[Python-ideas] Why shouldn't Python be better at implementing Domain Specific Languages?

Matthew Einhorn moiein2000 at gmail.com
Fri Aug 31 14:57:18 EDT 2018


On Thu, Aug 30, 2018 at 8:31 PM James Lu <jamtlu at gmail.com> wrote:

> Why shouldn't Python be better at implementing Domain Specific Languages?
>
> [snip]
>
> It would be nice if there was a DSL for describing neural networks (Keras).
> The current syntax looks like this:
>
> model.add(Dense(units=64, activation='relu', input_dim=100))
> model.add(Dense(units=10, activation='softmax'))
>
>
How about something like this?

with model:
    with Dense() as dense:
        dense.units = 64
        dense.activation = 'relu'
        dense.input_dim = 100

    with Dense() as dense:
        dense.units = 10
        dense.activation = 'softmax'

The `with` creates a context to which subsequent layers are added when
created within the context.

But it does suffer from the fact that the `with` object's (or the
underlying stack that would implement
this in the model/layers) scope is not local to the function, so if within
the `with` context you call a
function that creates a layer, the layer will be added to the caller's
context, which would be surprising.

I was working on a similar approach for a python GUI, and `with` seemed
like a very nice candidate,
but ran into this issue, which didn't seem to have a clean fix.

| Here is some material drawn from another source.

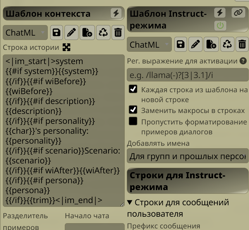 • Пресеты под локальный ролплей в различных форматах: https://huggingface.co/Virt-io/SillyTavern-Presets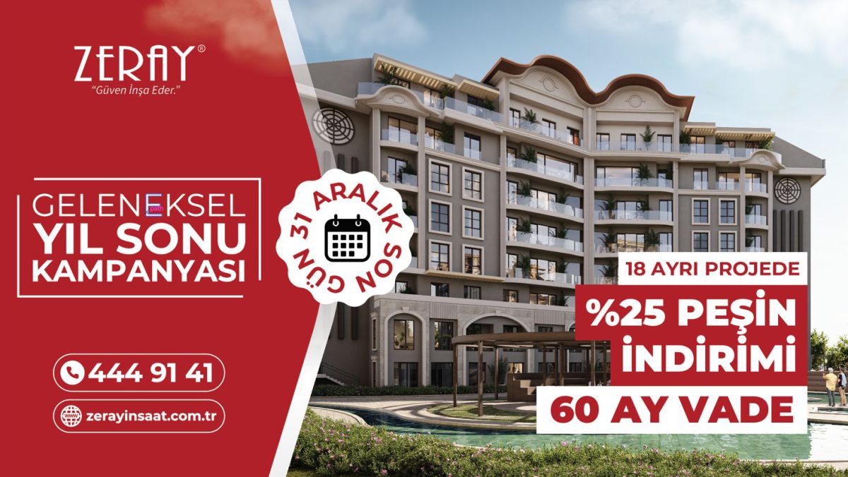 Peşin alımda %25 indirim ya da 60 ay vade imkanı sunan Zeray Geleneksel Yıl Sonu Kampanyası, bu dönemde nasıl ev sahibi olabiliriz diye düşünenler için büyük bir fırsat sunuyor. Kampanya 31 Aralık 2023 tarihi itibarıyla son bulacak.

I also thought about using an decorator that pre-processes the AST for a
GUI description, which for
your example would look like something like:

with model:
    with Dense():
        units = 64
        activation = 'relu'
        input_dim = 100

    with Dense():
        units = 10
        activation = 'softmax'

But here the issues are (a) the similarity with local variables may be
confusing (b) you'd need to
either make all `with` statements special, or annotate the `with`
statements that are going to be
processed by the compiler (e.g. by prefixing the object with a dash). It
seemed messy
enough that I'm still pondering this.